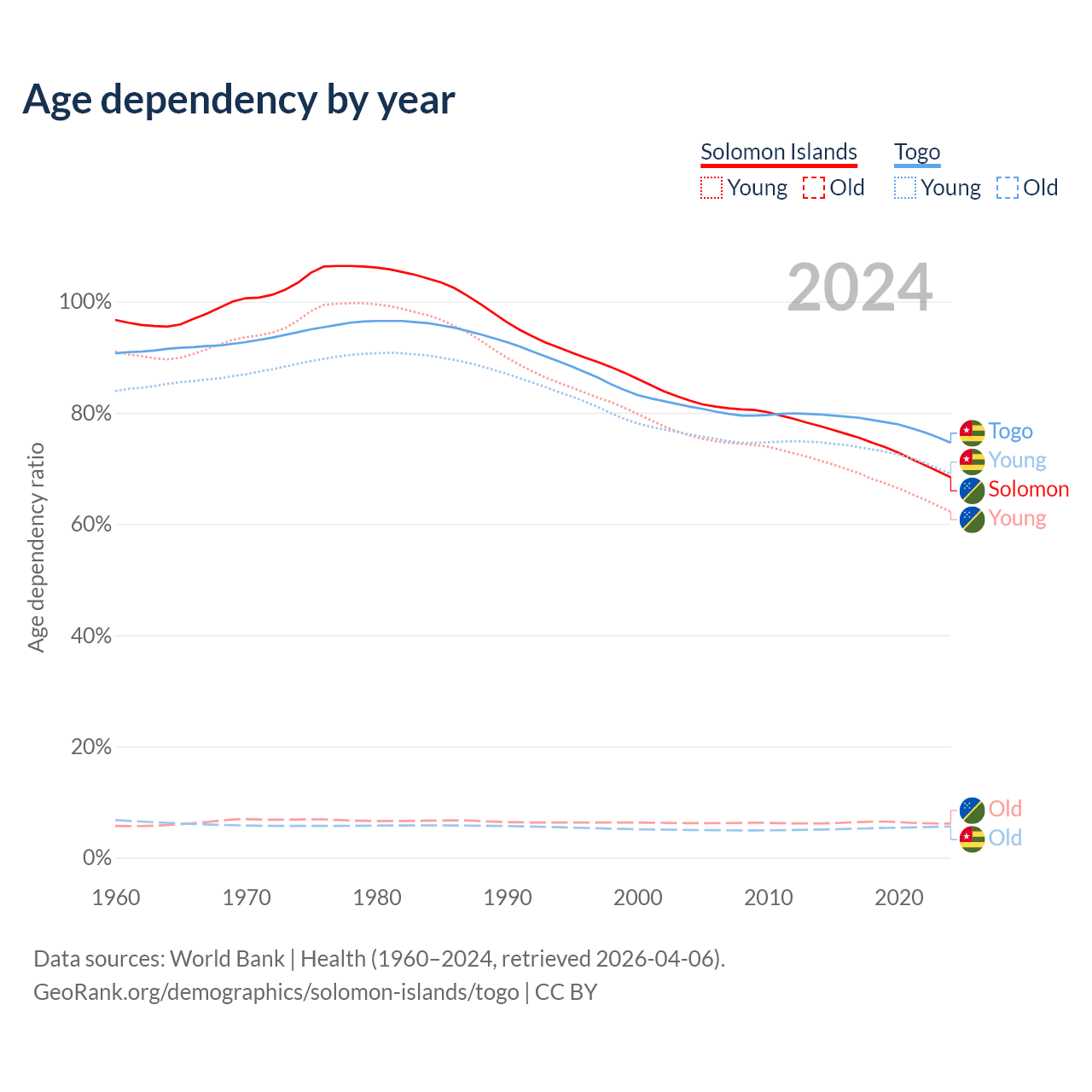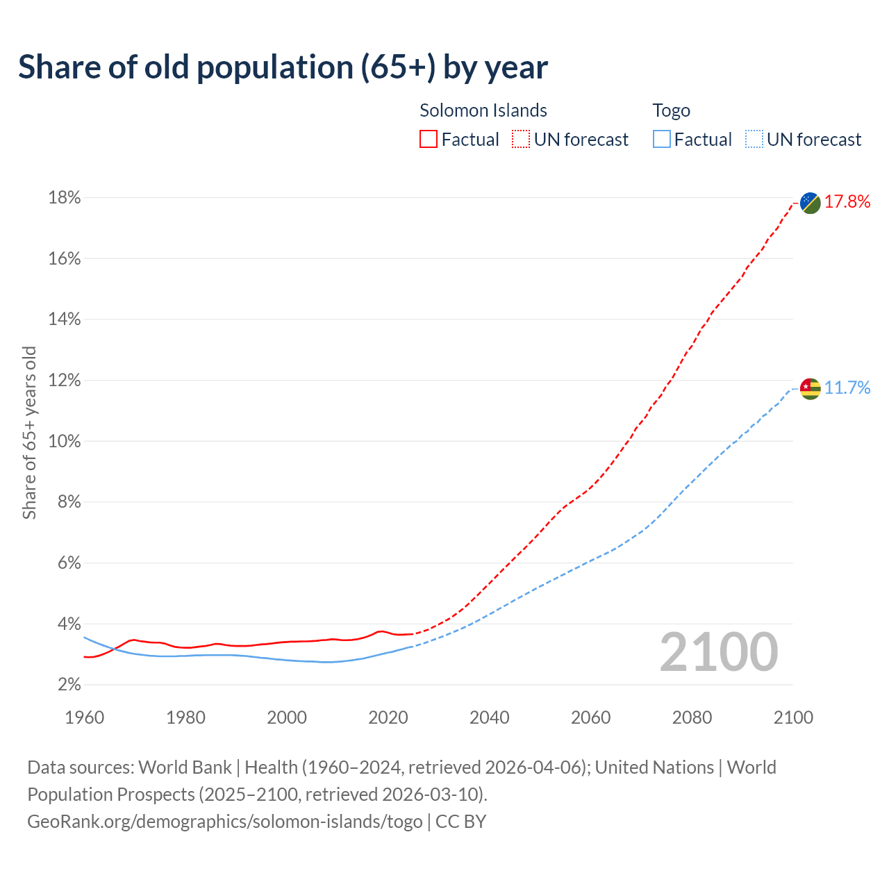 - The share of old-age demographic (65+) in the Solomon Islands is 3.64% vs 3.21% in Togo.
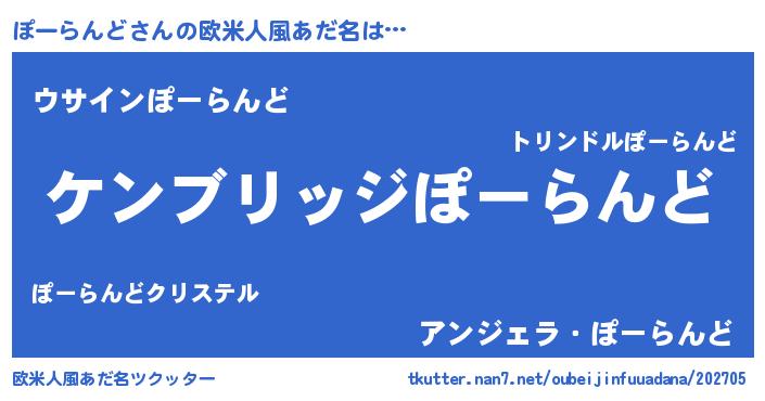 | 意味不明あだ名 | 『自称ぽーらんど』『ニラ科ぽーらんど属』 |
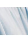 The Hazel Top is crafted from 100% cotton with a loose, babydoll fit, featuring a crewneck with partial button closure and placket, puff half sleeves with elastic hems, and lightly embossed stripe midweight fabric.
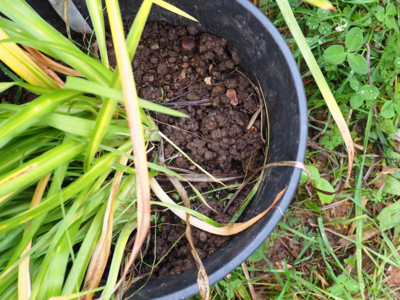 damit topfe ich, zum Beispiel Taglilien. Wie man sieht, macht diese Erde die Regenwürmer glücklich.
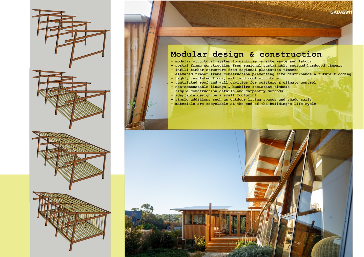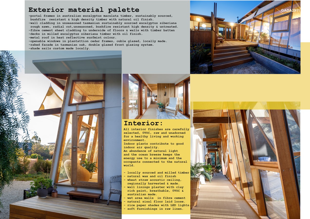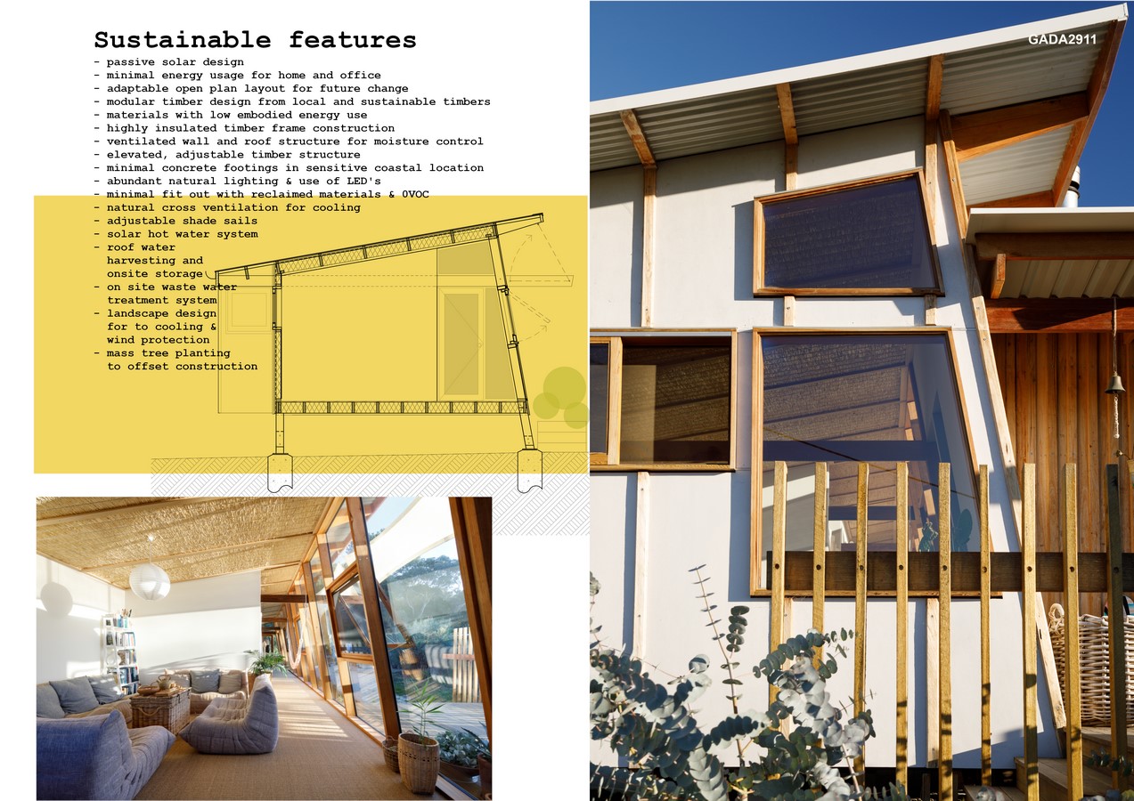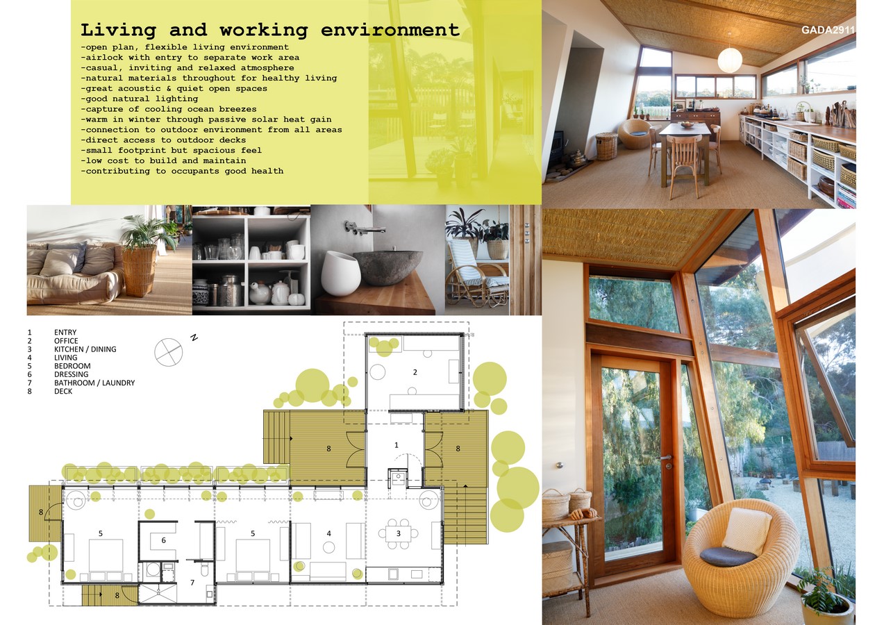 - Minimal ongoing energy use by applying passive solar principles and natural ventilation.
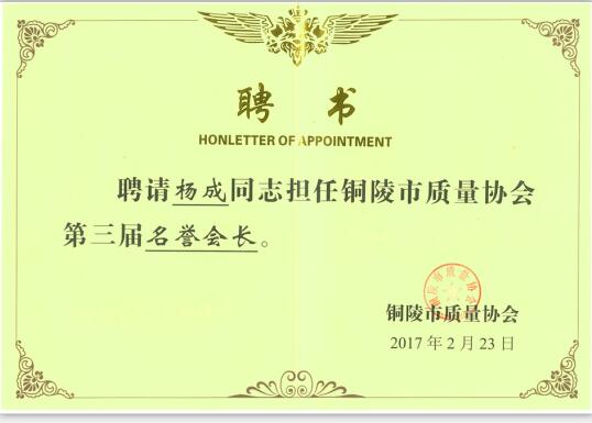 2017年2月末市質(zhì)量協(xié)會聘請董事長楊成先生,擔任銅陵市質(zhì)量協(xié)會第三屆名譽會
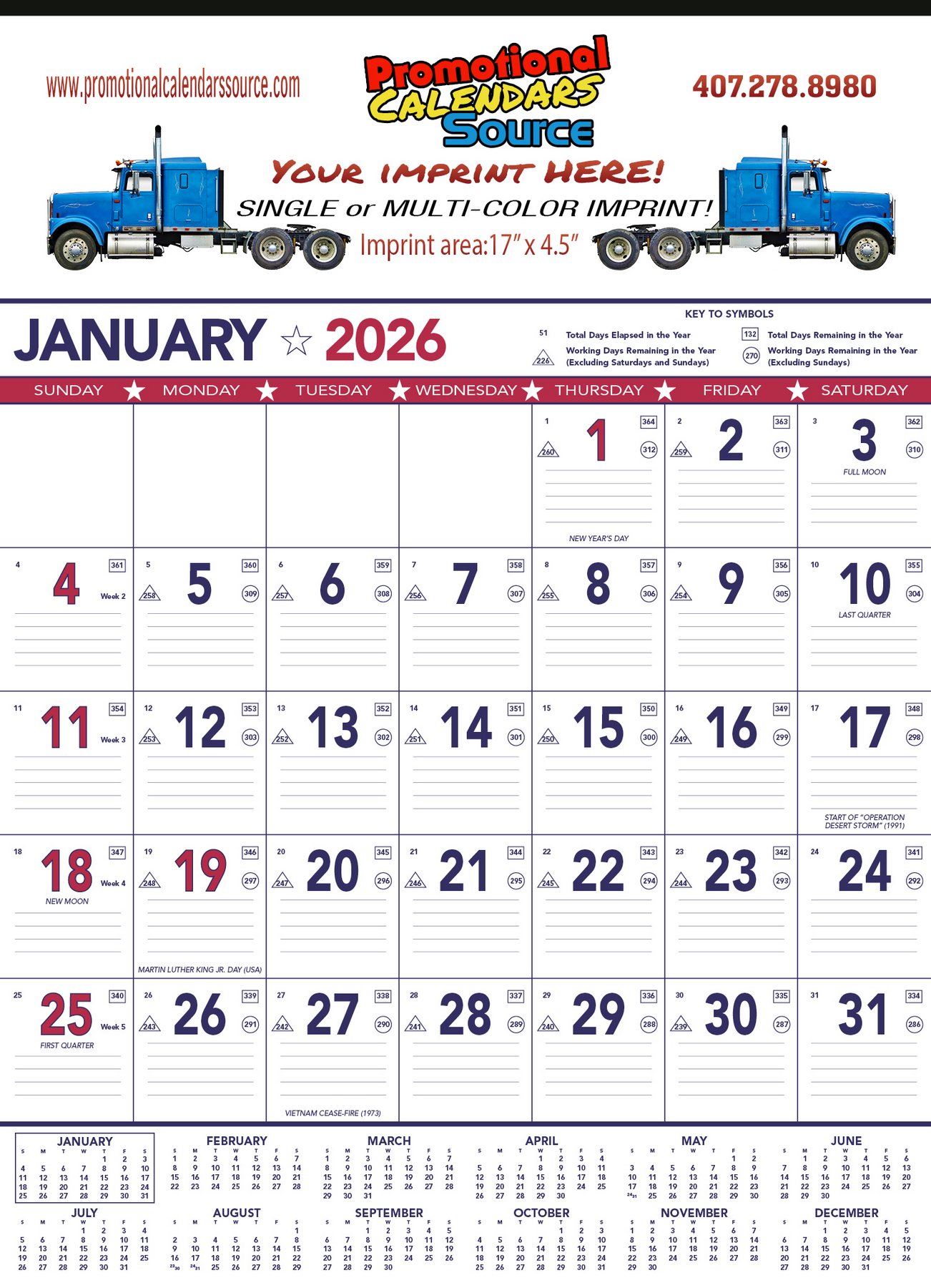Contractor Calendar, Promotional Contractor Calendar, Custom Printed Contractor Calendar, Red & Blue US Flag colors imprint, Contractor Commercial Calendar, Julian Dates, Week Numbers, Patriotic theme, 2022 contractor calendar
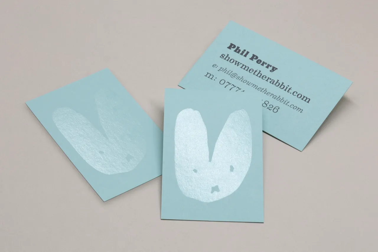 Letterpress printed in one colour & hot foil stamped in Foilco Transparent Satin foil on 380gsm Extract Aqua recycled card stock.
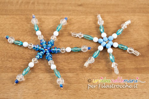 Adesso divertiti a creare tanti fiocchi di neve con le perline anche usando forme e di colori diversi. Potrai appendere le tue decorazioni all’albero di Natale o alle finestre o dove ti piace di più.
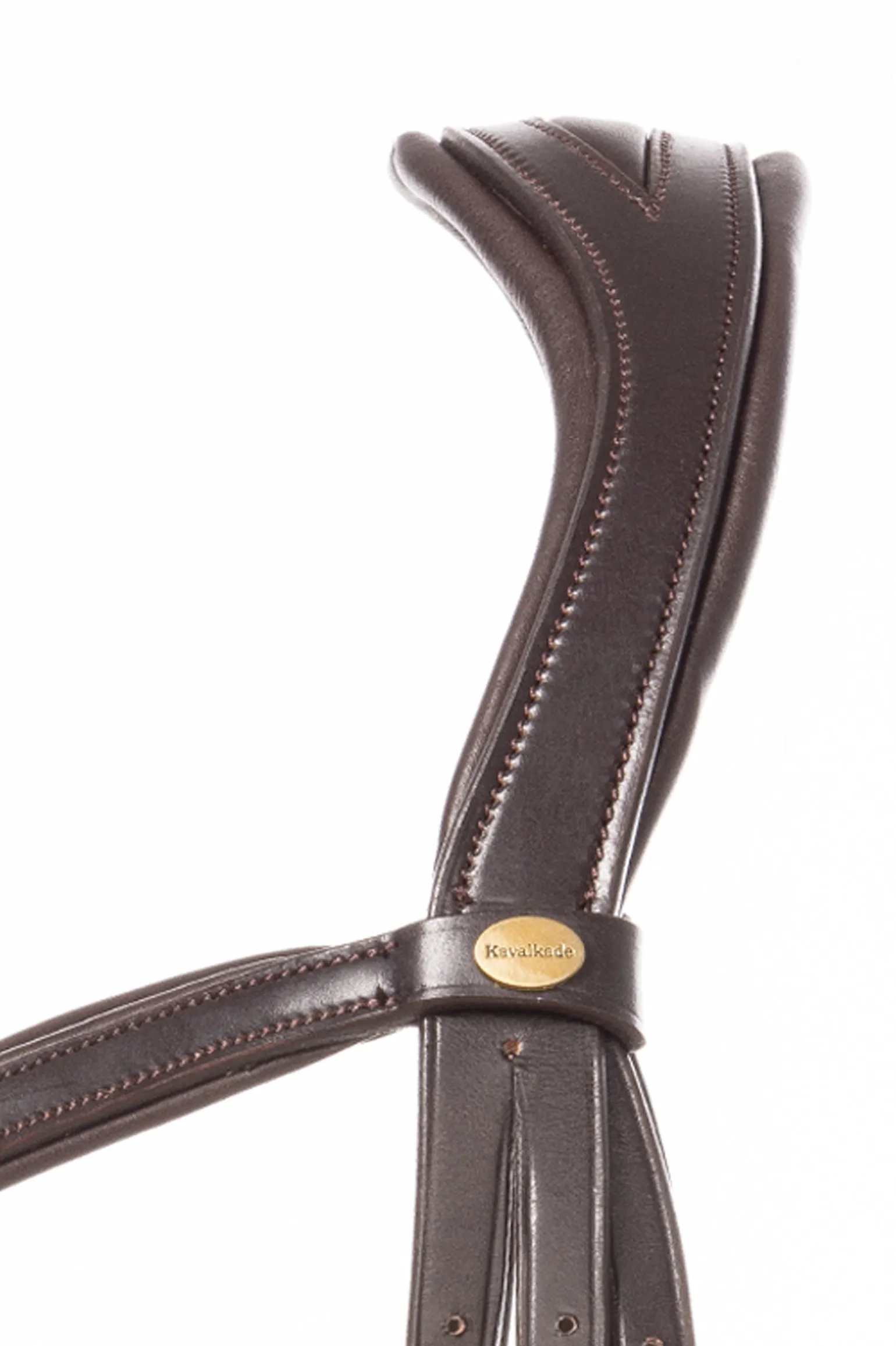 Bei Trensen mit dem Zusatz KavalSH4 ist der Sperrriemen abnehmbar. Das Besondere daran ist, dass die Halterung für den Sperrriemen nicht, wie bei herkömmlichen Trensen mit abnehmbarem Sperrriemen, ersichtlich ist.
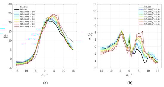 Comparison of the (a) CL as a function of α produced by the baseline and hybrid (λ45A30 + blowing Q ‘) leading edge device at U = 25 ms−1. The leading edge blowing range covers 0.0 (serration only) ≤ Q ‘ ≤ 4.5 L/min, and (b) The corresponding ΔCL as a function of α, where ΔCL is the difference in CL between the hybrid (λ45A30 + Q ‘ = 0.0–4.50 L/min) and the baseline.
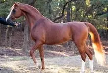 阿拉伯马是奇蹄目马科马属哺乳动物。体格不算大,体质干燥结实。头形轻俊干燥,前额宽广,向鼻端逐渐变细,面部正直或稍凹;耳短小、竖立,眼大有神,两眼距离宽,鼻孔大,下颚深而广;颈长而形美;肩、系较斜,…全部>>
━━━━━━━━
Required action:
All entries above should be returned exactly, apart from their pictures.

Task output:
 - The share of old-age demographic (65+) in the Solomon Islands is 3.64% vs 3.21% in Togo.
 | 意味不明あだ名 | 『自称ぽーらんど』『ニラ科ぽーらんど属』 |
 The Hazel Top is crafted from 100% cotton with a loose, babydoll fit, featuring a crewneck with partial button closure and placket, puff half sleeves with elastic hems, and lightly embossed stripe midweight fabric.
 damit topfe ich, zum Beispiel Taglilien. Wie man sieht, macht diese Erde die Regenwürmer glücklich.
 - Minimal ongoing energy use by applying passive solar principles and natural ventilation.
 2017年2月末市質(zhì)量協(xié)會聘請董事長楊成先生,擔任銅陵市質(zhì)量協(xié)會第三屆名譽會
Contractor Calendar, Promotional Contractor Calendar, Custom Printed Contractor Calendar, Red & Blue US Flag colors imprint, Contractor Commercial Calendar, Julian Dates, Week Numbers, Patriotic theme, 2022 contractor calendar
 Letterpress printed in one colour & hot foil stamped in Foilco Transparent Satin foil on 380gsm Extract Aqua recycled card stock.
 Adesso divertiti a creare tanti fiocchi di neve con le perline anche usando forme e di colori diversi. Potrai appendere le tue decorazioni all’albero di Natale o alle finestre o dove ti piace di più.
 Bei Trensen mit dem Zusatz KavalSH4 ist der Sperrriemen abnehmbar. Das Besondere daran ist, dass die Halterung für den Sperrriemen nicht, wie bei herkömmlichen Trensen mit abnehmbarem Sperrriemen, ersichtlich ist.
 Comparison of the (a) CL as a function of α produced by the baseline and hybrid (λ45A30 + blowing Q ‘) leading edge device at U = 25 ms−1. The leading edge blowing range covers 0.0 (serration only) ≤ Q ‘ ≤ 4.5 L/min, and (b) The corresponding ΔCL as a function of α, where ΔCL is the difference in CL between the hybrid (λ45A30 + Q ‘ = 0.0–4.50 L/min) and the baseline.
 阿拉伯马是奇蹄目马科马属哺乳动物。体格不算大,体质干燥结实。头形轻俊干燥,前额宽广,向鼻端逐渐变细,面部正直或稍凹;耳短小、竖立,眼大有神,两眼距离宽,鼻孔大,下颚深而广;颈长而形美;肩、系较斜,…全部>>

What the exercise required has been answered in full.